Auto insurance prices vary widely. On average, car insurance cost Americans $789 per vehicle annually in 2008, the most recent year of data provided by the National Association of Insurance Commissioners.
Here are some ways to look at saving on what you pay.
Compare: If you think all auto insurance rates within a state are about the same, you're wrong. Premiums can be very different for the exact same policies, depending on what factors an insurer chooses to emphasize in its rate formula.
"It's a calculated bet," said Des Toups, managing editor of CarInsurance.com. "The insurer asks, 'What's the least amount of risk we can take to make the most amount of money?' That's why the numbers are so different."
For the youngest drivers, comparison shopping could save about $1,100 a year, according to a study by the Web site. You might think you get better service from higher-priced insurers, but there seems to be no correlation, according to a study by the Consumer Federation of America.
You can request quotes by phone or online. For online quotes, you might want to set up a separate free email account at Hotmail, Gmail or Yahoo to receive them so they don't litter your regular email inbox.
Bundling: Choosing an auto insurer is important, too, because you might want to get your home insurance through the same carrier. Auto rates vary more and probably are more expensive, so let that be the insurance that drives your decision.
Deductibles: A deductible is the part of the bill you pay out-of-pocket before insurance kicks in. The higher deductible you're willing to accept, the lower your premiums will be. Changing from a $200 deductible to $1,000 could save you 40 percent, says the Insurance Information Institute.
Personal finance experts typically advise choosing the highest deductible you can financially stomach if it will give you big price breaks on premiums.
Big brother devices: There are some new high-tech devices that insurers are starting to offer. For example, some devices will block the use of cellphones in a moving car, often used for teenage drivers, said Jim Fults, associate vice president of auto and personal insurance at Fireman's Fund Insurance.

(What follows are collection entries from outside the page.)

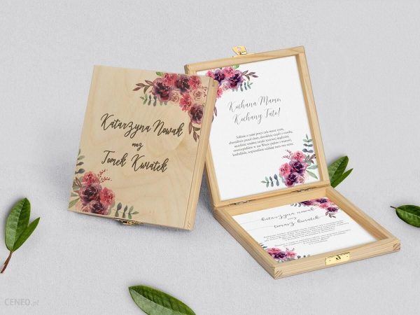 DREWNIANE ZAPROSZENIE LUB PROŚBA O BŁOGOSŁAWIEŃSTWO DLA RODZICÓWPiękne drewniane zaproszeniew formie eleganckiego pudełeczka to nie tylko oryginalny sposób na poinformowanie o uroczystości, ale też wyjątkowa i idealna pamiątka, która pozostanie na lata.Spersonalizowane zaproszenie będzie miłą niespodzianką dla zaproszonych.Góra pudełka jest nadrukowana i może przedstawiać dowolny motyw zaproszenia z kolekcji ślubnych poponowanych na stronie + personalizacja.Rozmiar ok. ok. 150x175x25 mm,Produkty wykonane są z naturalnego drewna ,mogą pojawiać się przebarwienia czy sęki, co nadaje każdemu produktowi charakteru i niepowtarzalności.Gdy złożysz zamówienie, wypełnij poniższy formularz. Ważne, aby wypełnić formularz w programie Adobe Reader. Formularz wypełniony w przeglądarce internetowej nie zapisze danych. Gdy będziesz gotowy, wypełniony formularz wyślij na nasz email: sklep@dodatkiweselne.pl w tytule proszę koniecznie podać NR.ZAMÓWIENIA i NAZWISKOPo dokonaniu zamówienia wysyłamy projekt w ciągu 2 dni roboczych. Zamówienie wykonujemy w ciągu max 7 dni roboczych. Czas realizacji liczymy od dnia wpłynięcia należności na konto (po uprzednim zatwierdzeniu przesłanego przez nas projektu ).
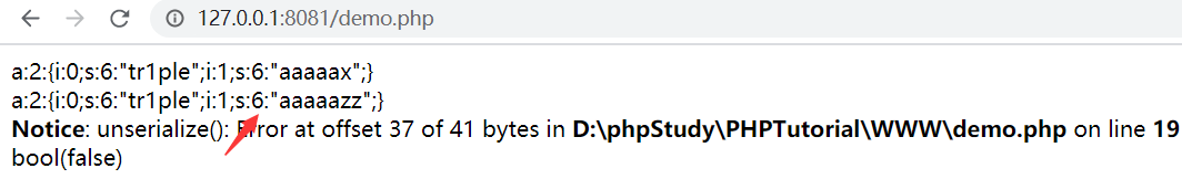 第三排是反序列化過后的到的值,此時原本的aaaaaa的值已經(jīng)被我們覆蓋。
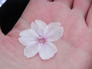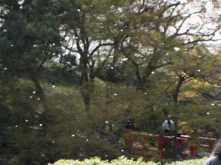 花吹雪・・・まるで雪のように風に桜の花びらが舞って飛んでいきます。

Insurers are also starting to introduce optional "telematic" devices, which, once installed on a vehicle, collect data about your driving habits for the insurance company. You get a discount for agreeing to use one, and your rates are based on your driving habits.
People who drive less and drive slower might have lower rates than people who drive a lot at high speeds, for example.

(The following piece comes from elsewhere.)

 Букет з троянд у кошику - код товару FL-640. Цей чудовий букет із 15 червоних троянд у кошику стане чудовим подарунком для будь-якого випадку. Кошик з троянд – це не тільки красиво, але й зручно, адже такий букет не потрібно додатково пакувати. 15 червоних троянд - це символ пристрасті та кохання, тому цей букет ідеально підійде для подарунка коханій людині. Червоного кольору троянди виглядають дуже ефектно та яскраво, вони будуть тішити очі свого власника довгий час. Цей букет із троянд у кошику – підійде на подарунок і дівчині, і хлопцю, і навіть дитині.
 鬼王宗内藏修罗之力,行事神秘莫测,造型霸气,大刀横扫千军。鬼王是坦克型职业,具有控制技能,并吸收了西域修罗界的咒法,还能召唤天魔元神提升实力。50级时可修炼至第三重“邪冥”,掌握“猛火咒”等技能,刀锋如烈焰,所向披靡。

Such devices are available from several insurers and are allowed in most states. Insurance companies say the devices are used only for discounts, not for raising premiums, Toups said.
Credit: You wouldn't think your proficiency at paying bills would have anything to do with whether you'll crash your car, but auto insurers insist there's a link. Drivers with problems on their credit reports are more likely to file claims, they say, and are charged higher insurance rates in states that allow tying rates to credit.
Discounts: Make sure you're getting all the discounts you're entitled to — for driving low miles every year, for example. A teen driver, who can raise rates 50 percent, can get a discount if he or she has good grades, typically at least a B average, Toups said.
Drop collision: It might be worth dropping collision coverage on older cars that aren't worth much. Consumer advocate Clark Howard said the time to consider dropping collision is when cars get to be about eight years old. His rule of thumb: If your annual, not monthly, premium for collision and comprehensive is more than 10 percent of your car's value, remove collision coverage and just pay the liability premium. Find your vehicle's private-party sale value at such Web sites as KBB.com and NADAGuides.com.